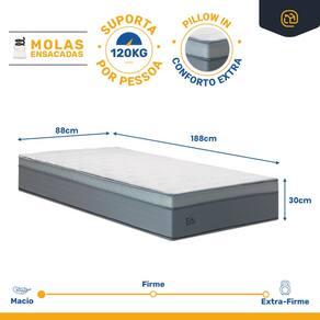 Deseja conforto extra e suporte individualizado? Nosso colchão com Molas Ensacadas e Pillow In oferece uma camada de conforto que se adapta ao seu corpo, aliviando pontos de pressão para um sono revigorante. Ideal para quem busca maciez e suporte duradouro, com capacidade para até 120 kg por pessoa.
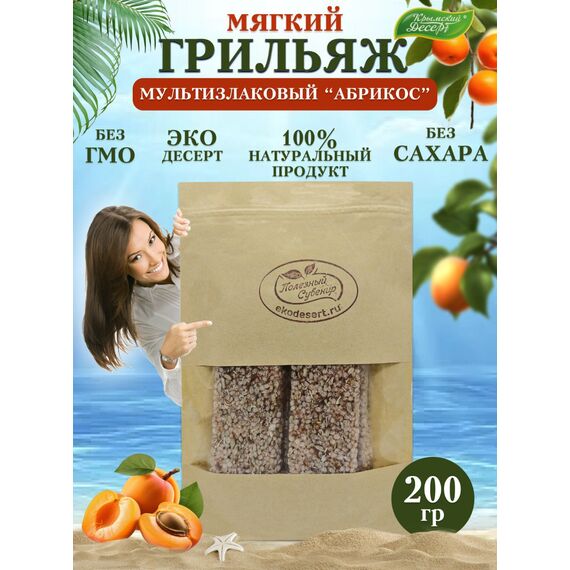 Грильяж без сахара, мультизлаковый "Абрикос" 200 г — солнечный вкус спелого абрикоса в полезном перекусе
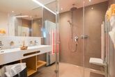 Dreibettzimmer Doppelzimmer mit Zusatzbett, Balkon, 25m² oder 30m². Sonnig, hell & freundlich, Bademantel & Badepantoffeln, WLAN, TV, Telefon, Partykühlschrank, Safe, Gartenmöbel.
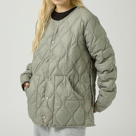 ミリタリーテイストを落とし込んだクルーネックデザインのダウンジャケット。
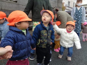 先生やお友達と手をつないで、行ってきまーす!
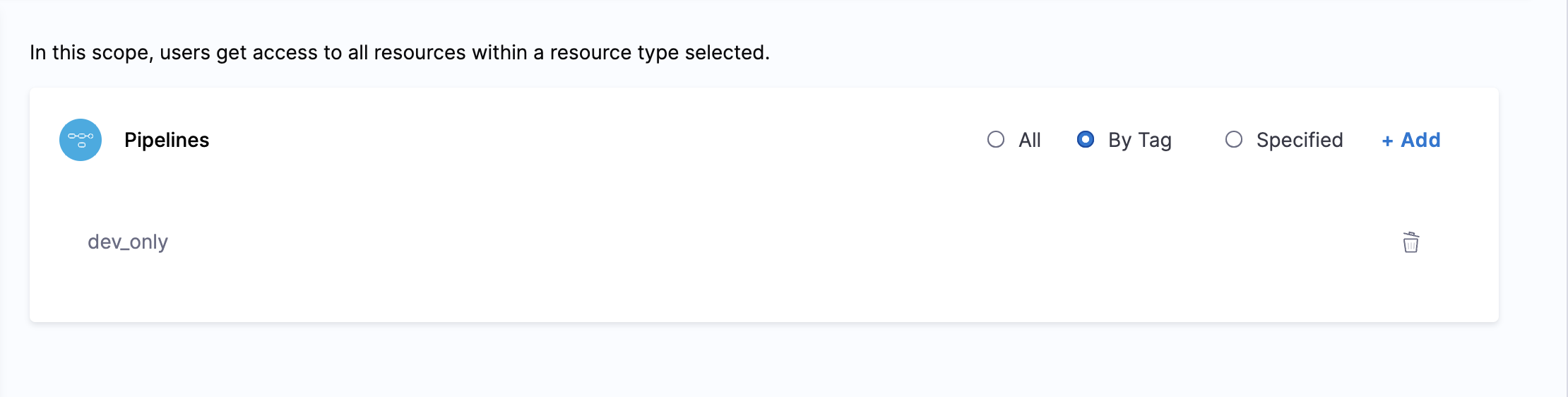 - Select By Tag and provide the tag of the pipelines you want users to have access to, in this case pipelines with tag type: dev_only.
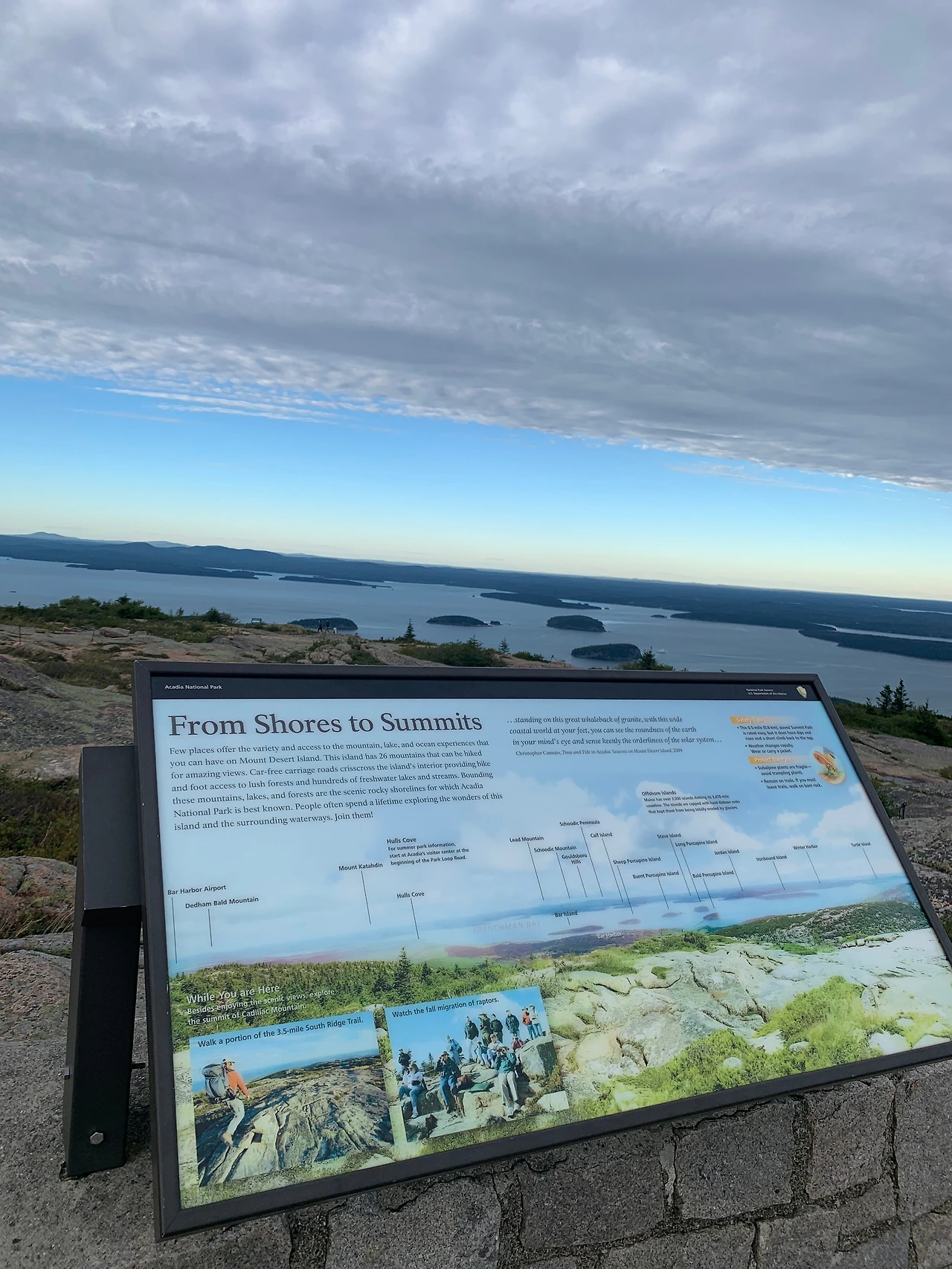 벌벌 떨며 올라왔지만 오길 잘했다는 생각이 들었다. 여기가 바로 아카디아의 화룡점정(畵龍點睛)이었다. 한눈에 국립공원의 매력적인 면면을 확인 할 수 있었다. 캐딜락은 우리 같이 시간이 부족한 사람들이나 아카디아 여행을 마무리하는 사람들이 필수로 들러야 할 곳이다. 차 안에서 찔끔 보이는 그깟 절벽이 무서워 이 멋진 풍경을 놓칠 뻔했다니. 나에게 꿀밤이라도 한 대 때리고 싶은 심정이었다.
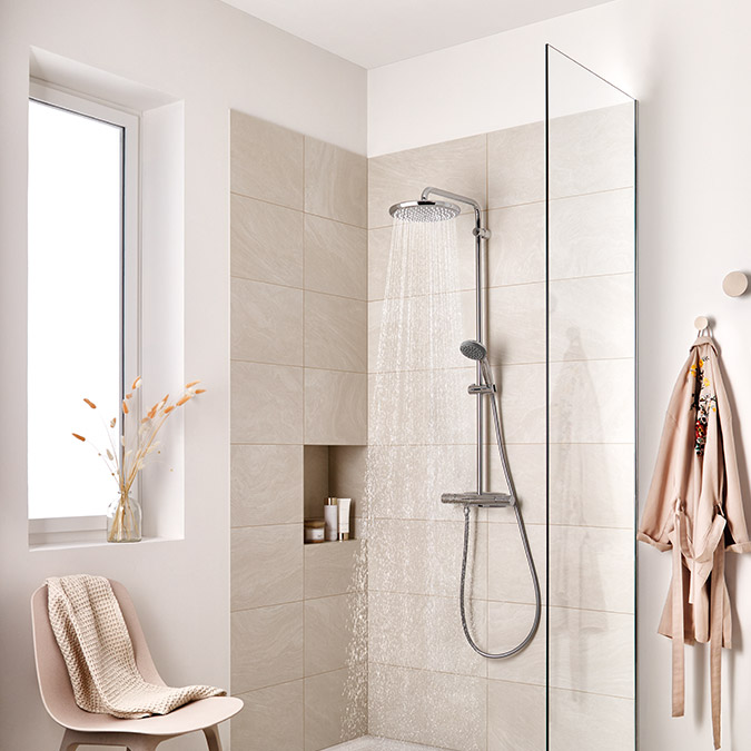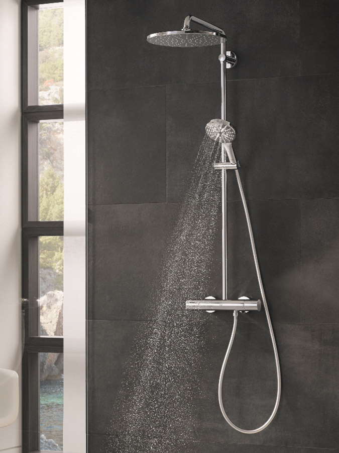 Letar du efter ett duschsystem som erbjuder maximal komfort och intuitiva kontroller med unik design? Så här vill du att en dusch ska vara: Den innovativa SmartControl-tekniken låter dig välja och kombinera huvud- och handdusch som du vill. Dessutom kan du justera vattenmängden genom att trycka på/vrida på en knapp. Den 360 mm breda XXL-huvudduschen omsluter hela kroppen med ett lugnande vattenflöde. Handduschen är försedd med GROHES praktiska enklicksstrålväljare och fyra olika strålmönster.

++++++++++

* EXERCISE DESCRIPTION
Output the material above exactly, without pictures.

* WRITTEN RESPONSE
 Deseja conforto extra e suporte individualizado? Nosso colchão com Molas Ensacadas e Pillow In oferece uma camada de conforto que se adapta ao seu corpo, aliviando pontos de pressão para um sono revigorante. Ideal para quem busca maciez e suporte duradouro, com capacidade para até 120 kg por pessoa.
 Грильяж без сахара, мультизлаковый "Абрикос" 200 г — солнечный вкус спелого абрикоса в полезном перекусе
 Dreibettzimmer Doppelzimmer mit Zusatzbett, Balkon, 25m² oder 30m². Sonnig, hell & freundlich, Bademantel & Badepantoffeln, WLAN, TV, Telefon, Partykühlschrank, Safe, Gartenmöbel.
 ミリタリーテイストを落とし込んだクルーネックデザインのダウンジャケット。
 先生やお友達と手をつないで、行ってきまーす!
 - Select By Tag and provide the tag of the pipelines you want users to have access to, in this case pipelines with tag type: dev_only.
 벌벌 떨며 올라왔지만 오길 잘했다는 생각이 들었다. 여기가 바로 아카디아의 화룡점정(畵龍點睛)이었다. 한눈에 국립공원의 매력적인 면면을 확인 할 수 있었다. 캐딜락은 우리 같이 시간이 부족한 사람들이나 아카디아 여행을 마무리하는 사람들이 필수로 들러야 할 곳이다. 차 안에서 찔끔 보이는 그깟 절벽이 무서워 이 멋진 풍경을 놓칠 뻔했다니. 나에게 꿀밤이라도 한 대 때리고 싶은 심정이었다.
 Letar du efter ett duschsystem som erbjuder maximal komfort och intuitiva kontroller med unik design? Så här vill du att en dusch ska vara: Den innovativa SmartControl-tekniken låter dig välja och kombinera huvud- och handdusch som du vill. Dessutom kan du justera vattenmängden genom att trycka på/vrida på en knapp. Den 360 mm breda XXL-huvudduschen omsluter hela kroppen med ett lugnande vattenflöde. Handduschen är försedd med GROHES praktiska enklicksstrålväljare och fyra olika strålmönster.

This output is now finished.